In an accident, the at-fault driver is often held liable. However, if the at-fault driver is an employee driving a company vehicle at the time of the crash, assigning responsibility may not be as straightforward.
That’s perhaps because the employer may sometimes be held liable for resulting damages, especially if the driver was within the scope of their job at the time of the crash. An employee may also bear responsibility under some circumstances, especially if they were not conducting approved business when the accident happened.
In this post, we’ll help you understand matters of liability if you get involved in a crash with a company vehicle.
What to Do in an Accident While On the Job
When involved in an accident, the first rule is not to admit fault even when it seems obvious. Instead, as you wait for assistance, you need to take pictures and video footage of the scene, which can be used as evidence by the company lawyer in case of a lawsuit. Once help arrives, take advantage of the first aid offered on-site and ensure you visit the ER.
It does not always mean that the company driver is at fault. There are times when the responsibility lies with the other driver or a third-party such as the automaker.
If you have injuries inflicted by a negligent driver who causes an accident in San Diego, you are eligible for compensation.

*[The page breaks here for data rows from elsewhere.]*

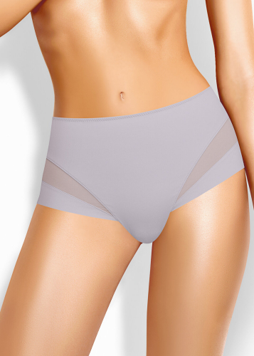 Трусы слипы с завышенной посадкой, сзади и сбоку бесшовная гладкая обработка, спереди декоративные горизонтальные вставки из плотной сетки, перед дублирован сеткой, по талии обработка с зигзагом и узкой резинкой.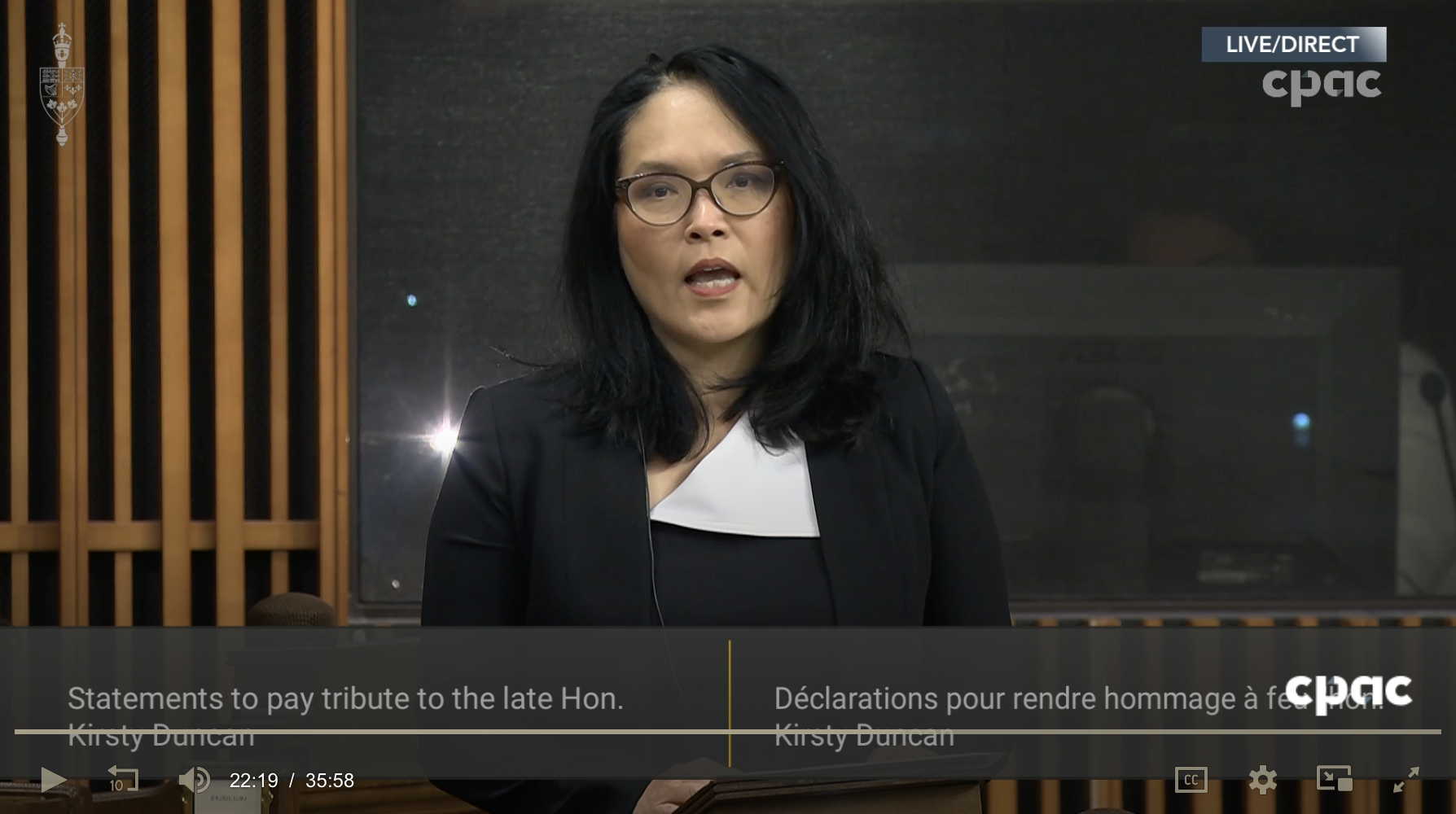 Click image or link to watch the CPAC video, Jenny's speech starts at 21:44 - https://www.cpac.ca/house-of-commons-proceedings/episode/tributes-to-the-late-kirsty-duncan--february-6-2026?id=d0dbaf6f-e643-4e63-9f88-6ddc540ff2bb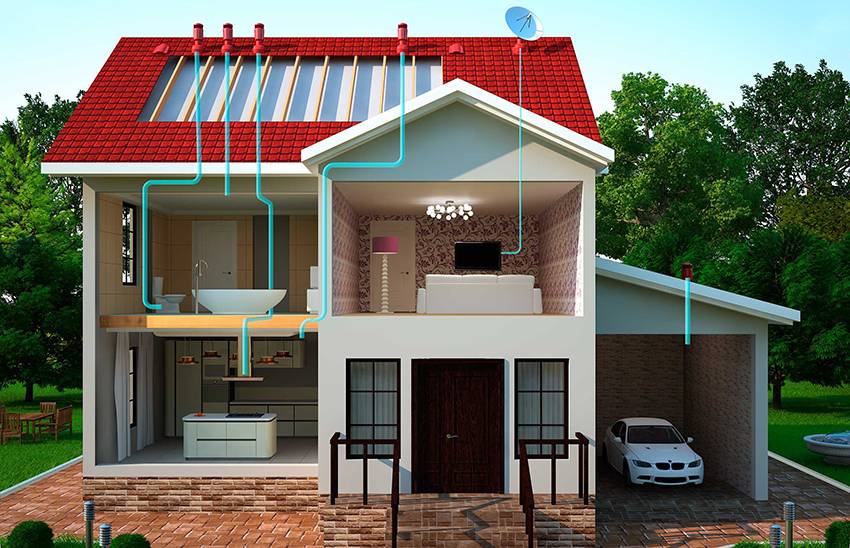 Вентиляция просто необходима на кухне и туалете. При этом благодаря особой конструкции дома, все элементы вентиляции можно скрыть за стенами.

However, pursuing compensation can be complicated, so you may need to talk to a car accident attorney based in San Diego to help you with the process.
Situations Under Which the Employer Is Held Responsible
“Respondeat superior “is a Latin phrase meaning “the superior should answer.” Under this theory, the employer bears responsibility for accidents caused by their employees when engaging in activity within their scope of work.
Examples of approved business duties include making a delivery, returning from making a delivery, transporting other workers, or running any company errand.
Even in situations where “respondeat superior” may not apply, the employer may still be held liable for an accident if the claimant can prove that the employer was negligent.
A good example is if an accident results from a drunk company driver, while the employer knew that the driver had a history of DUI. In such a case, the employer could be said to have acted negligently.
Other circumstances that point to employee negligence include failure to train the employee on proper vehicle handling, failure to follow set regulations for maximum driver hours, and failure to maintain company vehicles per the schedule.
When the Employee Can Be Held Liable For the Accident
An Activity Not in Their Scope of Employment
If the accident occurs when the driver is engaged in an activity not part of their assigned duties, they will be personally responsible for causing the accident. Examples of activities not in their scope of work include running personal errands and driving to or from work.
An employee may also be held personally liable for an accident if the accident results from willful misconduct. For example, if an employee intentionally hits another vehicle in a fit of rage.
The driver may also be held responsible for an accident if they are classified as an independent contractor. While the distinction between an employee and an independent contractor may appear vague, the law treats them very differently.
A driver is an independent contractor if they use their vehicle to do the job, are free from the employer’s control, and have a separate office at a location not at the employer’s premises.
Irrespective of who is responsible for an accident, victims of an accident are eligible for compensation. A fair payout must adequately compensate for economic and economic damages. Under some circumstances, the victim may also recover punitive damages if there is evidence to prove gross negligence as a cause of the accident.